Mapping abnormalities of temporal retinal axons in
L1-minus mice at P10. A, B, Horizontal sections (200 µm) from the SC of two wild-type mice labeled at P10 in the far
temporal retina showing the single, centrally located DiI-labeled TZ in
the anterior SC under epifluorescence illumination 48 hr after
injection. A, Inset, High magnification of termination
zone at the site of the arrow shown in A.

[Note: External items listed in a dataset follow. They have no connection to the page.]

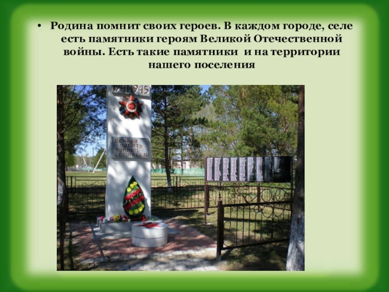 Слайд 18Родина помнит своих героев. В каждом городе, селе есть памятники героям
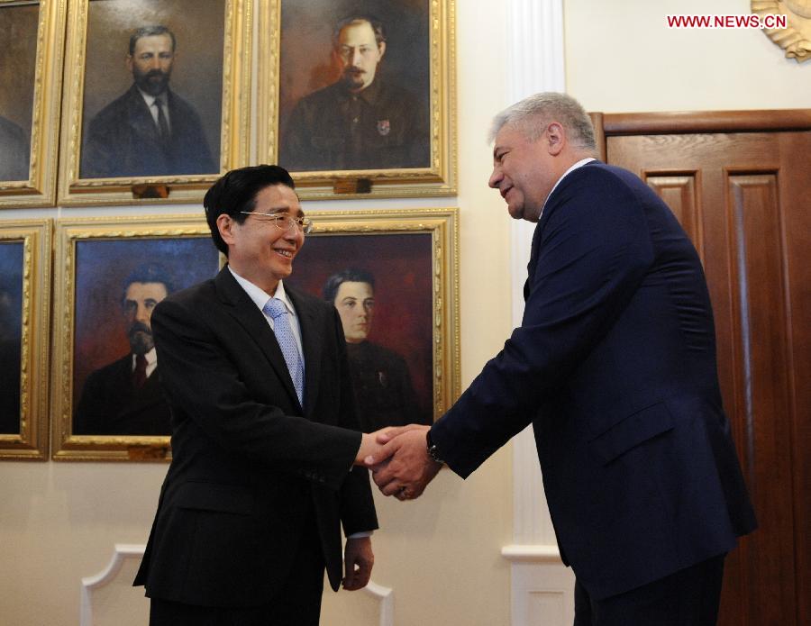 Chinese State Councilor and Public Security Minister Guo Shengkun (L) shakes hands with Russian Interior Minister Vladimir Kolokoltsev in Moscow, Russia, April 15, 2015. (Xinhua/Dai Tianfang)
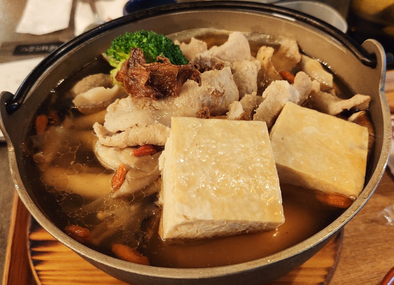 個人覺得餐點份量很多,餐廳氣氛很好(空間大、音樂不會很吵),唯獨洗手間沒那麼整潔 餐點部分 叫化子雞火烤飯加起司:雞肉很嫩而且飯量跟雞肉都很多 麻油雞燒鍋子:吃了老半天才吃掉大概四分之一?這鍋唯一我不太喜歡的就是松阪豬,對我來說有點太硬,但一般人吃應該都沒問題。高麗菜、菇類、凍豆腐都好吃,湯也很好喝。 另外有請一小杯枸杞紅茶,超好喝!下次去加99升級套餐喝這個紅茶?(而且小杯子裡面還有金魚超可愛的)

C, Flat mount of wild-type P10 retina corresponding to
the map in B 48 hr after injection visualized under
epifluorescence illumination. D, Schematic illustration
of retinocollicular projection of wild-type P10 mice shown in
A and B based on analysis of serial
sections. E, F, Horizontal sections from the SC of two
different L1-minus mice at P10 showing DiI-labeled temporal axons at
abnormal posterior-lateral sites in the SC (arrows
indicate TZs). J, Horizontal section from the SC of an
L1-minus mouse at P10 showing DiI-labeled temporal axons abnormally in
the posterior SC extending close to the SC-IC border
(arrow). Diffuse labeling of axons could be seen in the
IC, but TZs were not observed. K, Horizontal section
from the SC of an L1-minus mouse at P10 showing DiI-labeled temporal
axons extending into the posterior SC and IC (asterisks)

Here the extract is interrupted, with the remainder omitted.